Iraqi Foreign Minister Hoshyar Zebari and Syrian Foreign Minister Walid Moallem said after a genial meeting at Iraq’s Foreign Ministry that the nations would reestablish embassies in Baghdad and Damascus. Moallem said Syria would back away from its demand that U.S. troops withdraw from Iraq immediately, recognizing that the forces are in the country with the permission of the Iraqi government.

The diplomats also announced that Iraqi President Jalal Talabani would visit Tehran on Sunday and Damascus shortly thereafter to discuss Iranian President Mahmoud Ahmadinejad’s offer of a three-way summit among the neighboring states.

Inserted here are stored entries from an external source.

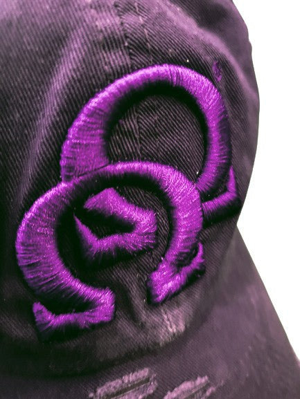 Purple Omega Psi Phi Double Hooks 3D effect On Distressed Cap
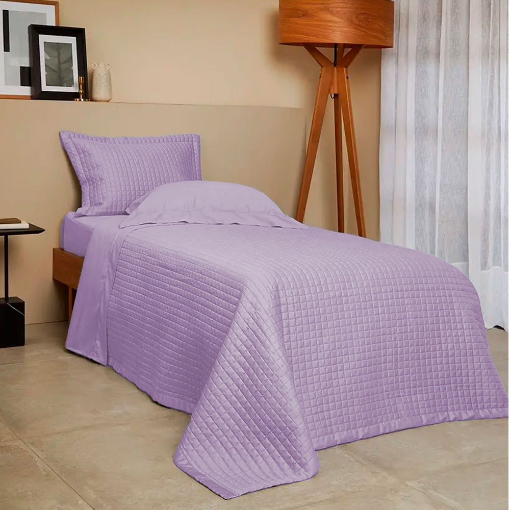 O Kit Colcha Solteiro New Colors é moderno e aconchegante. É produzido em Cetim 270 Fios de 100% Algodão Fio Penteado (enchimento 100% Poliéster), o que garante toque acetinado e maciez. A colcha é dupla face e apresenta um elegante padrão de micromatelassado em mini quadrados. A cor é Rosa. Especificações do Produto Quantidade de Fios: Cetim 270 fios Composição: Tecido 100% Algodão Fio Penteado; Enchimento 100% Poliéster Tamanho: Solteiro Itens Inclusos: 1 Colcha, 1 Porta-Travesseiro Medidas: Colcha: 1,80m x 2,50m; Porta-Travesseiro: 50cm x 70cm (1 pç).
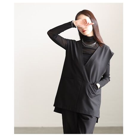 【トップス】 ベスト Vネック ノースリーブ テールヘム ポケット スリット レイヤード ブラック
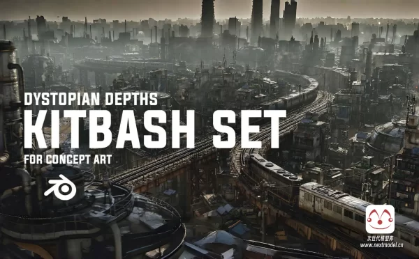 模块化粗矿混凝土科幻都市3D模型合集—Blender/FBX格式
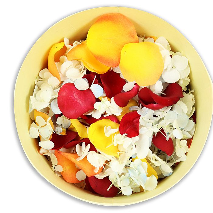 Our beautiful and unique bouquet combines vibrant hydrangea, rose, and chrysanthemum petals, creating a splendid arrangement perfect for any ceremony. The harmonious colors and elegant design make it a standout choice.
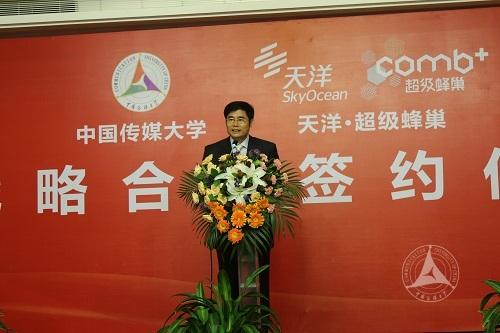 陈文申书记在致辞中表示,此次合作是天洋集团对教育事业的一份深厚情义,是对中国传媒大学在人才培养、教师队伍建设、国际合作与交流和文化实践等方面给予的巨大支持。这一善举,具有重要的时代意义,它展现的不仅是一个成功企业对教育事业的钟爱,更是一种社会的责任,是一种难能可贵的境界。
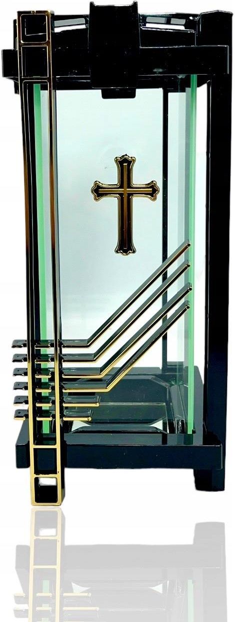 Znicz Lampion Solarny CENOTAF SERCE 31 cm wys. Piękny, nowoczesny znicz artystyczny w kolorystyce czarnej ze złotym. Znicz w środku wykonany jest z grubego szkła, na zewnątrz jest piękna dekoracja z tworzywa sztucznego w postaci pozłacanego serca. Na dnie znicza jest szklane lusterko, znicz jest ciężki i stabilny. W przykrywce znicza znajduje się panel fotowoltaiczny, który zasila migającą diodę LED wkładu znajdującego się wewnątrz. Znicz jest bezobsługowy, świeci całą dobę. szerokość podstawy:14 x 14 cm wysokość: 31 cm kolor znicza: Czarny. Pokrywa i podstawa z czarnego lakierowanego tworzywa materiał: szkło - tworzywo odporny na warunki atmosferyczne Całość wykonana bardzo estetycznie. Nowość 2024 Ręczne wykonanie Stabilny i ciężki - 1,50 kg
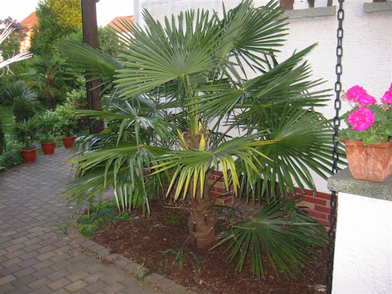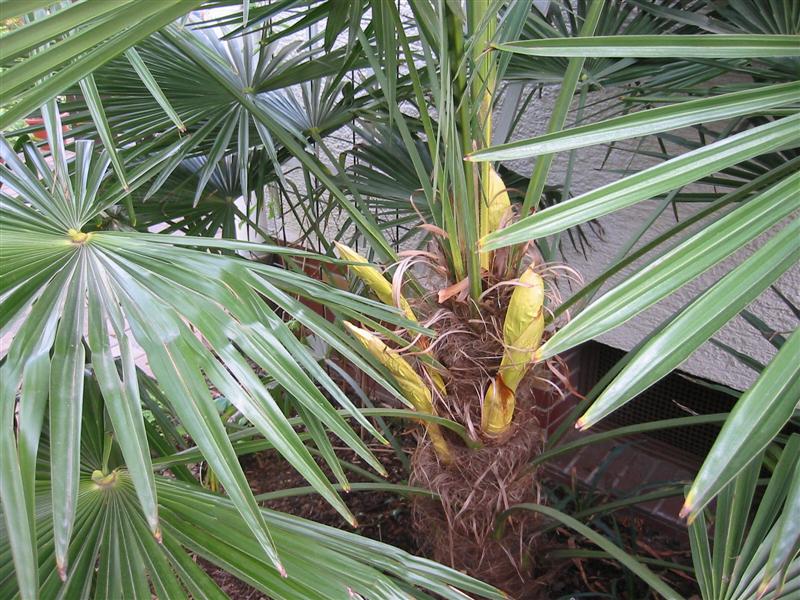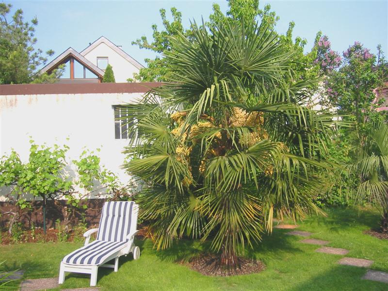 mehr an Blättern und Blüten geht nicht! Ca 4m hohe Trachy ( im März 2000 mit ca 50cm Stamm gepflanzt)
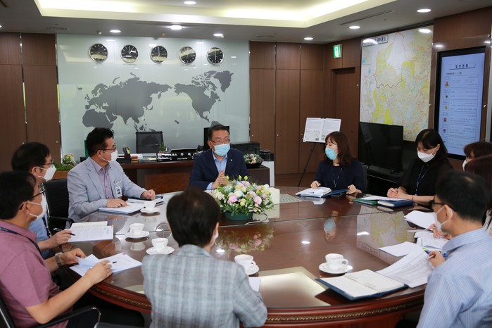 경기 수원시 장안구는 2~6일 이범선 구청장 취임에 따른 각 부서 주요업무 추진상황을 점검하고, 앞으로의 구정 추진방안 등을 논의하기 위한 주요업무보고회를 개최했다. 사진은 이 구청장(가운데)이 직원들과 회의하는 모습. (사진제공=장안구청)
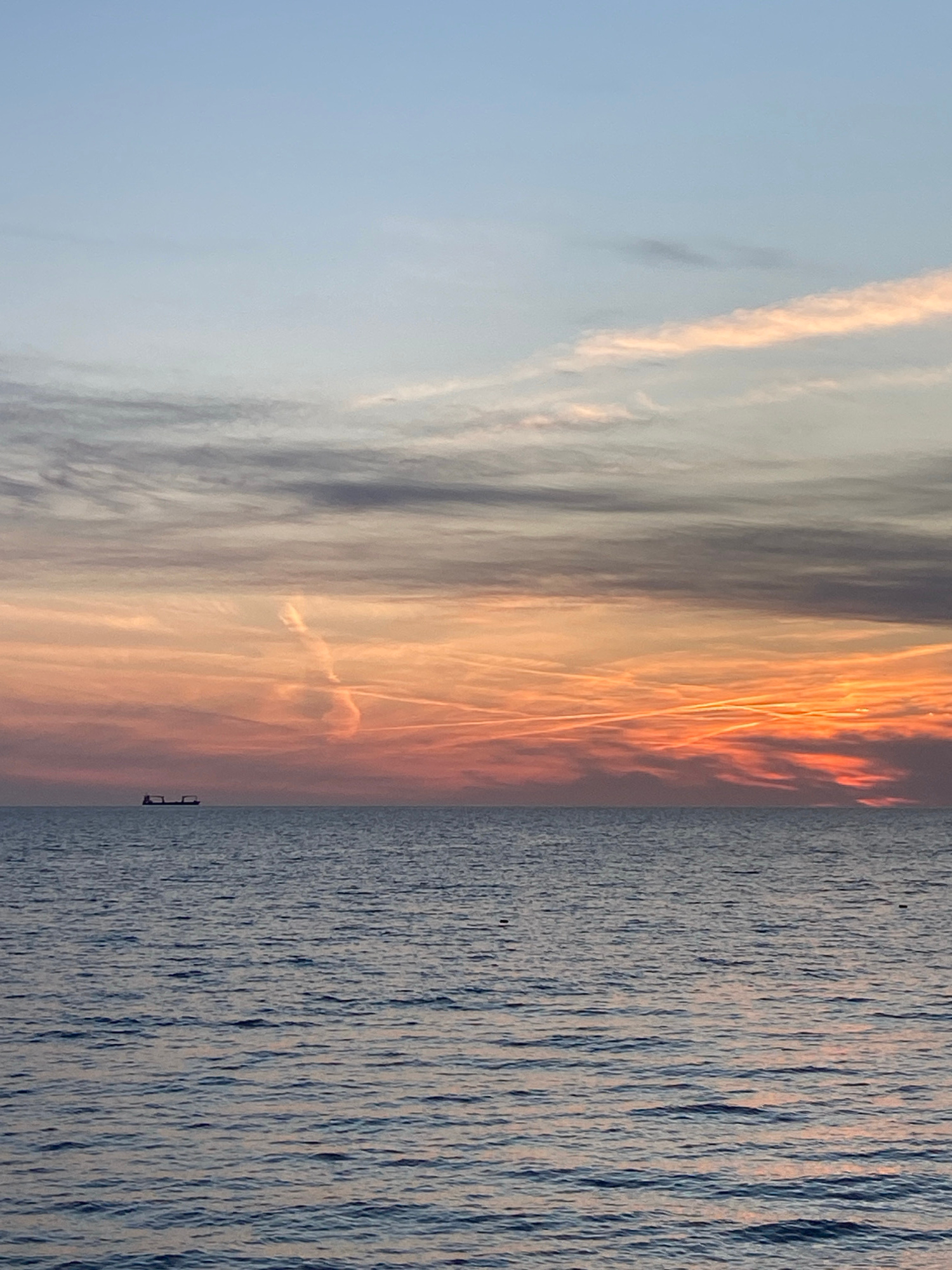 The image captures a sunset over the Adriatic Sea near Bar, Montenegro. The sky transitions from a pale blue to orange and red near the horizon, marked with contrails. A body of water is visible on th…read more
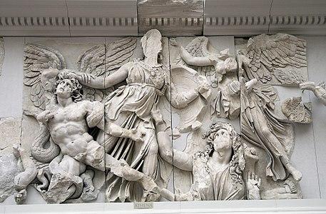 Relief of Athena and Nike slaying the Gigante Alkyoneus (?) from the Gigantomachy Frieze on the Pergamon Altar (early second century BC)
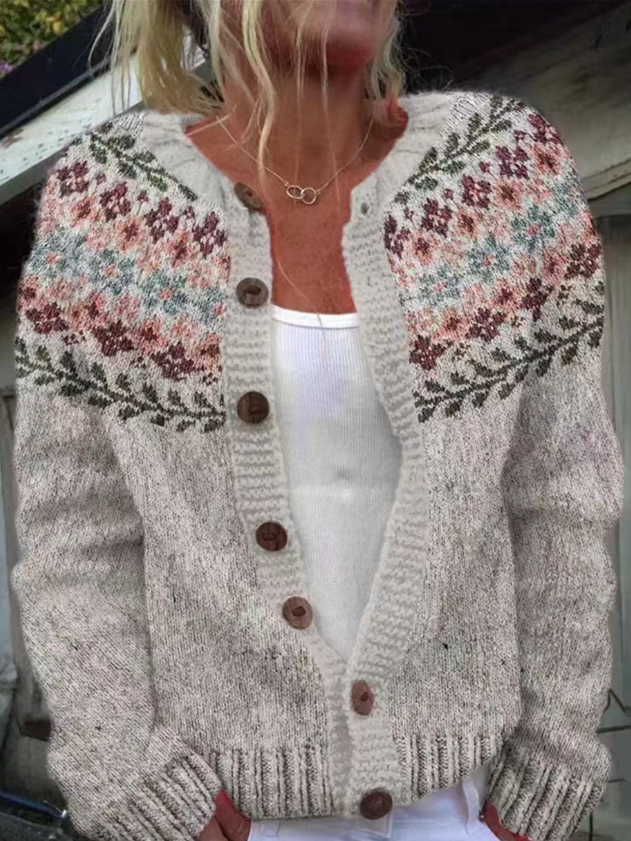 Pull islandais d'hiver pour femmes col rond lâche bouton Cardigan

Hadley, answering a reporter’s question about the warming of relations between Iraq and neighbors Syria and Iran, said the United States thought that it was “important that Iraq be speaking directly to those countries and making it clear to them that they need to play a positive role in seeking security, stability and democracy in Iraq.

“And that is the message they’ve been delivering,” Hadley said.

He said Bush and Maliki would focus on the progress of a committee recently formed to speed the shifting of security responsibilities to Iraqi forces.

Discussions between Baghdad and Damascus will focus on the readiness of the Iraqi army to resume control of the nation’s security, Zebari said Tuesday.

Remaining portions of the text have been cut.